When Paul was confronted by Jesus
on the Damascus Road, he was literally and dramatically stopped in his
tracks. At the time he was in hot pursuit of anyone belonging to or
associated with ‘The Way’. He was a ‘firebreather’, breathing out death threats
to anyone who named the name of Jesus the Nazarene. He was armed with letters
from the High Priest, and had authority to capture and/or put to death anyone
following what was considered a blasphemous sect, and an insult to the Jewish God
of the Pharisees and Saducees.
Saul, as he was then, truly and
honestly thought that he was doing God and Judaism a favor by rooting out ‘the
blasphemers’. He considered himself to be righteous before God because he was a
Hebrew of Hebrews, a Pharisee of Pharisees, and as regarding the Law, complete
and in right standing with God in obedience to the Law of Moses.
Saul was zealous for the Law and
saw himself as being able to live according to the Law, and as having done so.
But it was his experience with meeting the risen Christ that literally ‘opened’
his eyes, and he was able to ‘make a 180 degree turn’ (which is the definition
or repentance!).

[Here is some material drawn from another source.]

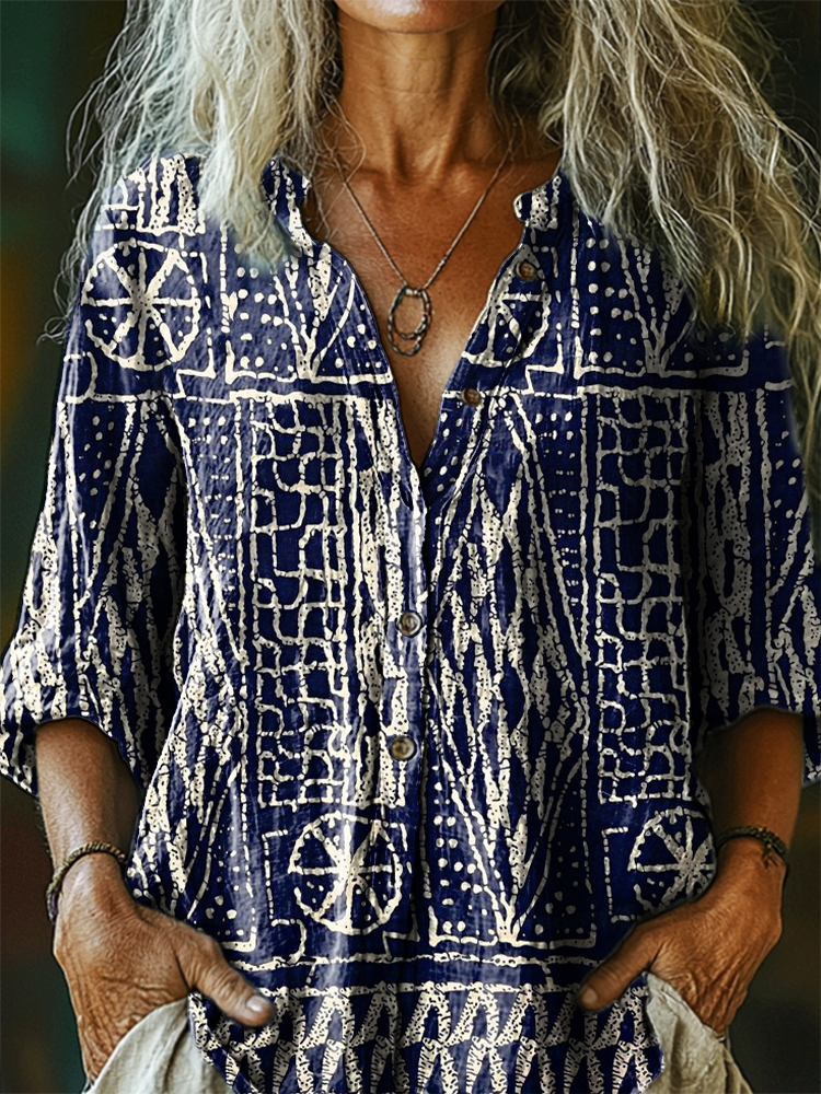 Women's Bohemian Patterns Art Print Casual Cotton Linen Shirt

Paul even says that ‘no good thing abided in his flesh’ or
earthly nature. It was the encounter with Christ that made him see his earthly
nature for what it was. He says that he was ‘the greatest of sinners.’
When he became Paul, he chose to
know nothing more or less than ‘Christ crucified and risen from the dead.’
Jesus became to him an all-consuming passion. In fact, this became the basis of
his ‘Magnificent Obsession’ – “Christ in you, and You in Christ” made possible
by the death and resurrection of Christ. This is Paul’s Gospel or good news –
that we are ‘in Christ’ – baptized into his name and character, as well as into
his sufferings and his victory over Death. Paul also states ‘Christ in us’ and
all that Christ won on the Cross of Calvary is ours, because ‘if we suffer with
Him, we shall also reign with Him.’ This is the ‘glorious mystery’ spoken of
down the ages, which angels wanted to look into and for which he was appointed
an Apostle to reveal.
When Paul met Christ on the
Damascus Road, and later spent time alone with Him in the Arabian Desert, he
realized that ‘right standing’ with God came through Jesus Christ, and Him
alone. Paul realized that he had no righteousness of his own, but that
righteousness was imparted by God through Jesus Christ and His redeeming work
on Calvary.
Paul states that ‘God was in Christ
reconciling Himself to the world.’
“It was as if Christ Himself were
appealing to you through us,” he writes.
This was Paul’s passion in every
church he planted – he was “jealous to see Christ formed in each of you, until
every man is made complete in Him.”
This is why Paul was so angry at
the Galatian Church when they went astray after listening to the Judaizers–
“Who has bewitched you?” he asks them.
Paul also says that if anyone – even
an angel from Heaven -- were to preach “another gospel,” they were to be
accursed. He was passionate that new believers understand this mystery of the
Gospel. They were “God’s letter written
on human hearts.”
We, too, are God’s ‘human love
letter’ to the world. If we are arrested, apprehended and ‘caught’ by God, as
was Paul, we become New Creations (2 Cor.5:17). This is, in fact, was God was
doing in Christ all along. He was making ‘one new man’, and there are “now
therefore no Jew, nor Gentile, nor male or female, nor circumcised nor uncircumcised
“for we all are one in Christ.”
Paul also writes about being
“adopted” by God into his family. This is a huge theme for him, and he says
that by being adopted, we have the rights, privileges, and authority of the One
who adopted us. We become a legitimate child of God.
The Apostle Paul underwent a
‘radical transformation’, and this is only possible in our own lives when we
surrender to the atoning and redeeming work of Christ on Calvary as King of
Kings and Lord of Lords.
Paul says, “ I am crucified with
Christ, and I no longer lie, but the life I now live in the flesh, I live by
faith in the Son of God,” Gal.2:20. The totality of the work of Christ on the
Cross, and the power and presence of the indwelling Holy Spirit, gives us the
ability to live transformed (changed) lives.
If we die with Christ, which we did
on Calvary’s Cross 2,000 years ago, we shall also live and reign with Him.